Что я мог сказать ей? Я только прильнул поцелуем к её исхудалой, но, действительно, всё ещё прекрасной руке.
Быть может, мой «утешительный» поцелуй был слишком горяч и продолжителен, но только она расхохоталась долгим, серебристым, странным каким-то смехом.
— Что? Всё ещё недурна? Красива?
— Надежда Викторовна…
— А вот вы влюбитесь… Влюбитесь… — продолжала она хохотать всё тем же режущим по нервам смехом. — Довольно, однако, глупостей! — вдруг оборвала она свой хохот. Сегодня я неинтересна: с самого утра какая-то злюка, да и к тому же вон идёт мой милейший господин Бебер прописывать мне креозот… Ступайте, Когда я буду в более интересном настроении, я пришлю за вами. Вы где остановились? В «России»?
— В «России».
— Там все здоровые останавливаются. Хорошо, говорят, кормят, а вы ведь не принимаете креозота?.. Ступайте, ступайте…
В калитке я раскланялся с полным, почтенным господином.
— Шестнадцатый визит сегодня, — ещё издали крикнул он своей пациентке, — и всем лучше!
— И всё благодаря истинно чудотворному действию изумительного креозота?!
И снова тот же резкий металлический смех словно резнул меня по нервам.
Я был слишком расстроен, чтоб идти домой, а прогулка по Ялте ещё больше расстраивала мне нервы У меня из головы не выходили слова Надежды Викторовны, я с каким-то недоверием смотрел на каждый розовый куст, на пышно разросшиеся лавры, словно спрятался за ними кто-то, притаился и подстерегает свою добычу. Каждый шорох листьев заставлял меня вздрагивать… Мне казалось, что среди этого невыносимого зноя я слышу чьё-то холодное дыхание, чьё-то присутствие, от которого веет холодом… Чьё? Изнутри каждой почти дачи слышался тяжёлый, удушливый кашель, по набережной, на самом солнцепёке бродили, как тени, закутанные в тёплые пальто люди с восковыми, обвострившимися лицами…

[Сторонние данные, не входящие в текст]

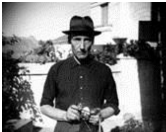
William S. Burroughs

17 Jan -30 Mar 2014 Taking Shots: The Photography of William S. Burroughs

Я повернул поскорее в какой-то переулок и не помню сам, как очутился на кладбище.
Оно было именно таково, каким описывала его Надежда Викторовна… Но неужели через несколько дней, быть может, здесь будет и она… Она, которая только что с такой жадностью говорила о любви, о счастьи, полная ещё жизни, обворожительная, красивая, с похудевшими, но ставшими ещё более тонкими, изящными чертами лица, с лихорадочным румянцем, с каким-то затаённым огнём, блещущим в глазах, со всеми своими мыслями, думами, стремлениями, несбывшимися мечтами…

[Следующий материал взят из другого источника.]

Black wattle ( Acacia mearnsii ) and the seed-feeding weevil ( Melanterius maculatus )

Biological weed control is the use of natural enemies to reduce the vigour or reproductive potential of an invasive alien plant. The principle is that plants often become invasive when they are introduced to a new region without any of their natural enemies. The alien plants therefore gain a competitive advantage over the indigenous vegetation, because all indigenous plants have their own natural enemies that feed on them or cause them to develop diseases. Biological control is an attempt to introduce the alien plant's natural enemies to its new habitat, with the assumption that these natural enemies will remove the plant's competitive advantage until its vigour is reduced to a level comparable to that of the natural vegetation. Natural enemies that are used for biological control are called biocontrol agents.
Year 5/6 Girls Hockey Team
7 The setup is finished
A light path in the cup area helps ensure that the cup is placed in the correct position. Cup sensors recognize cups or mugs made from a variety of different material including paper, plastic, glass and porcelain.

Мне почудился тот же резкий, иронический, за душу хватающий смех, я вздрогнул и зачем-то наклонился к ближайшему памятнику, наполовину закрытому кустом махровых палевых роз.
«Здесь покоится прах девицы Анны такой-то. Лет от рождения ей было 18 и 6 месяцев».

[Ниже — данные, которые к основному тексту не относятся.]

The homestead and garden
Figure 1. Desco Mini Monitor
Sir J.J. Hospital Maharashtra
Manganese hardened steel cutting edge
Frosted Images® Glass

Какая глупая надпись! «От рождения» и «6 месяцев».
На следующий день я только что кончал в ресторане обед, как мне подали записку.
«Не знаю, встреча ли со старым добрым знакомым, или что другое на меня так повлияло, — писала Надежда Викторовна, — но только я сегодня чувствую себя, как никогда. Даже доктор Бебер нашёл „значительное улучшение“ и приписал его всесильному креозоту. Пусть так! В ознаменование такого могучего действия г. креозота я решила во что бы то ни стало ехать сегодня на водопад. Слышите, во что бы то ни стало! Пожалуйста не трудитесь „отклонять“: лошади уже наняты, а если вы откажетесь ехать, я поеду одна. Даже поеду верхом, после чего непременно умру! А потому немедленно приезжайте ко мне.
PS. Поездка, конечно, секрет от милейшего г. Бебера, потому что она противна всем законам всесильного креозота, управляющего миром!»
Оставалось только ехать.
Надежда Викторовна выглядела сегодня, действительно, лучше. Она была положительно восхитительна в лёгком светлом платье, в большой кружевной шляпке, и если бы только не этот предательский румянец, который горел сегодня ещё ярче…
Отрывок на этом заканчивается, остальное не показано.